Sauvage
© Pyramide Distribution
Sauvage
    • Sauvage
    • France
    •  - 
    • 2018
  • Réalisation : Camille Vidal-Naquet
  • Scénario : Camille Vidal-Naquet
  • Image : Jacques Girault
  • Décors : Charlotte Casamitjana
  • Costumes : Julie Ancel
  • Son : Jérémie Vernerey, Julien Roig, Benjamin Viau
  • Montage : Elif Uluengin
  • Musique : Romain Trouillet
  • Producteur(s) : Emmanuel Giraud, Marie Sonne Jensen
  • Production : Les Films de la Croisade, La Voie Lactée
  • Interprétation : Félix Maritaud (Léo), Éric Bernard (Ahd), Nicolas Dibla (Mihal), Philippe Ohrel (Claude)
  • Distributeur : Pyramide Distribution
  • Date de sortie : 29 août 2018
  • Durée : 1h37

Sauvage

réalisé par Camille Vidal-Naquet

Le jeune Léo, quand il n’est pas sous l’emprise du crack ou du shit, est un prostitué homosexuel qui vend ses charmes sur le bord de la route.

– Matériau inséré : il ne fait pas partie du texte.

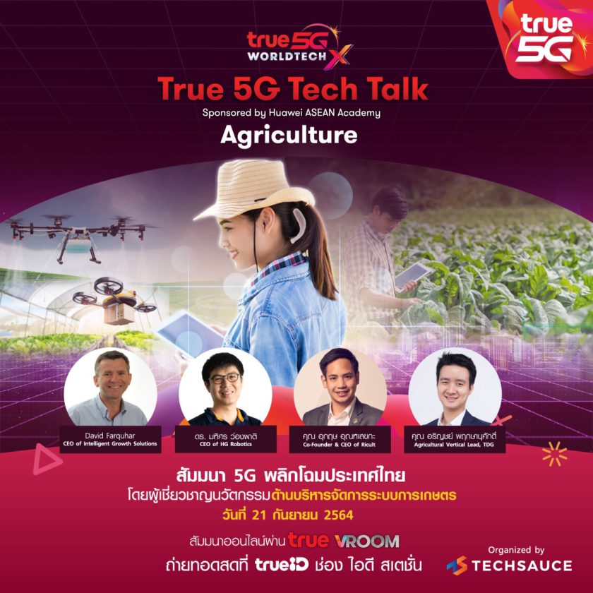 ภาคการเกษตรเป็นพื้นฐานของประเทศไทยมายาวนาน เมื่อสภาพแวดล้อมของโลกในมิติต่างๆเปลี่ยนแปลงไป จึงเป็นความท้าทายของเกษตรกรไทยที่ต้องปรับตัวสู่ยุคเกษตร 4.0 ทรู 5G ตอกย้ำผู้นำเครือข่ายที่ครอบคลุมครบ 77 จังหวัดทั่วไทย เสริมพลังเกษตรกรไทยในทุกๆภูมิภาคทรานส์ฟอร์มสู่เกษตรอัจฉริยะได้อย่างเต็มประสิทธิภาพ จับเทรนด์สมาร์ทฟาร์ม จัดสัมมนา 5G พลิกโฉมประเทศไทย “True 5G Tech Talk” ครั้งที่ 4 หัวข้อ “Agriculture” โดย ทรู 5G ร่วมกับ Huawei ASEAN Academy และ Techsauce ร่วมเปิดมิติแห่งนวัตกรรมด้านบริหารจัดการระบบการเกษตร ตอบโจทย์สมาร์ทฟาร์ม ผ่านมุมมองของผู้เชี่ยวชาญนวัตกรรมด้านบริหารจัดการระบบการเกษตรทั้งจากในและต่างประเทศ ได้แก่ มร.เดวิด ฟาร์คูร์ฮาร์ ประธานเจ้าหน้าที่บริหาร Intelligent Growth Solutions IGS แพลตฟอร์มที่มอบโซลูชันการทำเกษตรแนวตั้ง ให้ลูกค้าทั่วโลก ดร.มหิศร ว่องผาติ ประธานเจ้าหน้าที่บริหาร HG Robotics เทคสตาร์ทอัพชั้นนำของไทยที่เชี่ยวชาญด้านพัฒนาหุ่นยนต์และระบบอัตโนมัติรวมถึงโดรนเพื่อการเกษตร นายอุกฤษ อุณหเลขกะ ผู้ร่วมก่อตั้งและประธานเจ้าหน้าที่บริหาร บริษัท รีคัลท์ (ประเทศไทย) จำกัด แพลตฟอร์มดิจิทัลแบบบูรณาการที่ตอบสนองความต้องการของเกษตรกรและธุรกิจเกษตรแบบครบวงจร และนายอริญชย์ พฤกษานุศักดิ์ หัวหน้าธุรกิจเทคโนโลยีการเกษตร บริษัท ทรู ดิจิทัล กรุ๊ป จำกัด
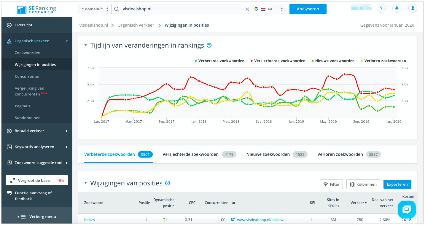 Nogmaals, ik ben gewend om SE Ranking te gebruiken en ik vind hun interface overzichtelijk. Ik weet zeker dat wennen aan SEMrush en Ahrefs slechts een kwestie van tijd is, maar afgaande op de hoeveelheid beschikbare gegevens en prijs is SE Ranking wat mij betreft de winnaar aangaande de gegevens die het voor Nederland levert.
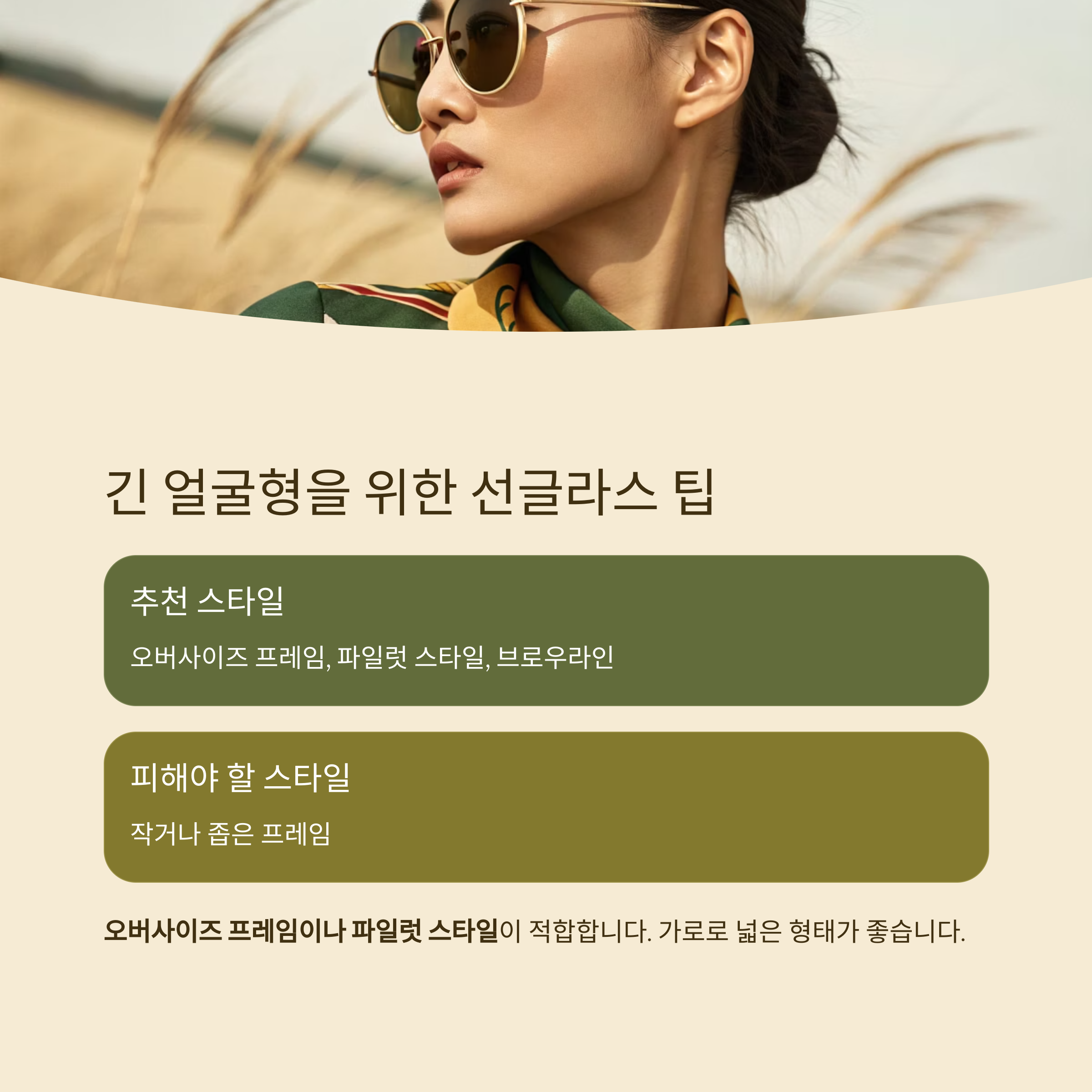 이럴 때는 오버사이즈 프레임이나 파일럿 스타일이 적합합니다.
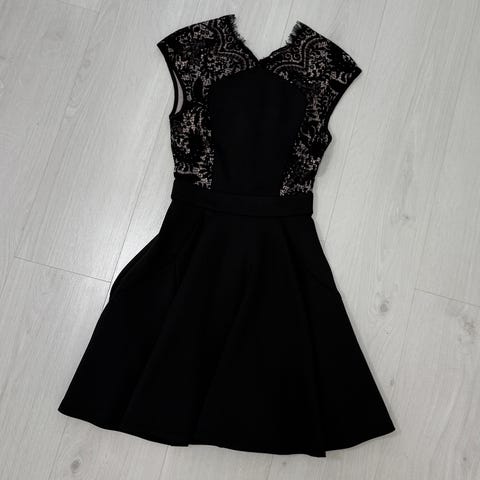 Siisti muutaman kerran pidetty mekko, vastaa n.S-kokoa. Olka-helmapituus n.103. Mukana vyö.

Dans Sauvage, premier film du Français Camille Vidal-Naquet, son errance est construite au rythme de trois consultations chez le médecin en forme d’étapes initiatiques. La première n’est qu’un jeu de rôle sexuel, où le docteur s’avère vite être l’un des nombreux clients du jeune homme. Le second est un véritable médecin qui va tenter de résoudre ses problèmes respiratoires et, pourquoi pas, essayer de l’aider à rentrer dans le rang. Le dernier, un autre vrai médecin, le rappellera à sa profonde sauvagerie, à son instabilité qui fascine autant qu’elle effraie (Léo est attirant mais risque de tout quitter à tout moment). Ce parcours chaotique alternera entre le film d’apprentissage et le portrait de marginal, sans jamais véritablement plonger ni dans l’un ni dans l’autre. La première nature de Sauvage, celui du film initiatique, manque d’originalité pour susciter un véritable intérêt ou un soupçon d’excitation. La faute sans doute à la prévisibilité de sa structure narrative et à l’application avec laquelle Vidal-Naquet reproduit sagement l’évolution psychologique habituelle d’un inadapté. Derrière le quotidien de cet escort-boy aux péripéties tantôt humiliantes, tantôt attendrissantes, se cachent, comme on s’y attend, un manque affectif, un besoin de reconnaissance et une incapacité à se ranger ou à se conformer à la norme.

Au calme

La seconde nature de Sauvage, celle du portrait d’un marginal situé à la lisière de l’échappée picaresque, dégage quant à elle un indéniable vent de fraîcheur à travers les traits de ce jeune intranquille, condamné à rester l’œil de son propre cyclone. Si les quelques panoramiques verticaux, traversant les décors à toute vitesse et guidant notre regard jusqu’au jeune Léo, ont de quoi surprendre au départ (car rompant avec une mise en scène souvent simplement illustrative), ils parviennent à donner un souffle dynamique à ce premier film en quête d’identité. Le mouvement permanent de Léo et son amour passionnel pour Ahd, qu’il aime plus qu’il ne s’aime lui-même, parviennent à faire remonter à la surface du film une énergie primitive et animale, une fougue pleine de bruit et de fureur. Il n’est alors pas étonnant que Léo ne parvienne qu’à se détendre dans le calme, contre un torse nu au petit matin ou sur le bord d’un pont traversant un dépôt de trains, là où, seul, il peut brièvement songer à prendre un nouveau départ. Car une fois reposé et apaisé par un silence qui se fait rare, Léo ne peut que repartir de plus belle, addict au bruit assourdissant des réacteurs d’avions qui décollent près de la forêt où il se prostitue comme au son des basses tonitruantes de ses nuits agitées. L’apaisement final de Sauvage, où Léo fait corps avec la nature l’enveloppant, n’est que le préambule d’une nouvelle tempête qui se profile à l’horizon. Avec ce premier film prometteur bien que parfois attendu, Vidal-Naquet aura, quoi qu’il arrive, fourni à son acteur principal, Félix Maritaud, un personnage à l’ivresse corporelle saisissante et propice, dans ses circulations de la frénésie à l’apaisement, à une composition remarquable.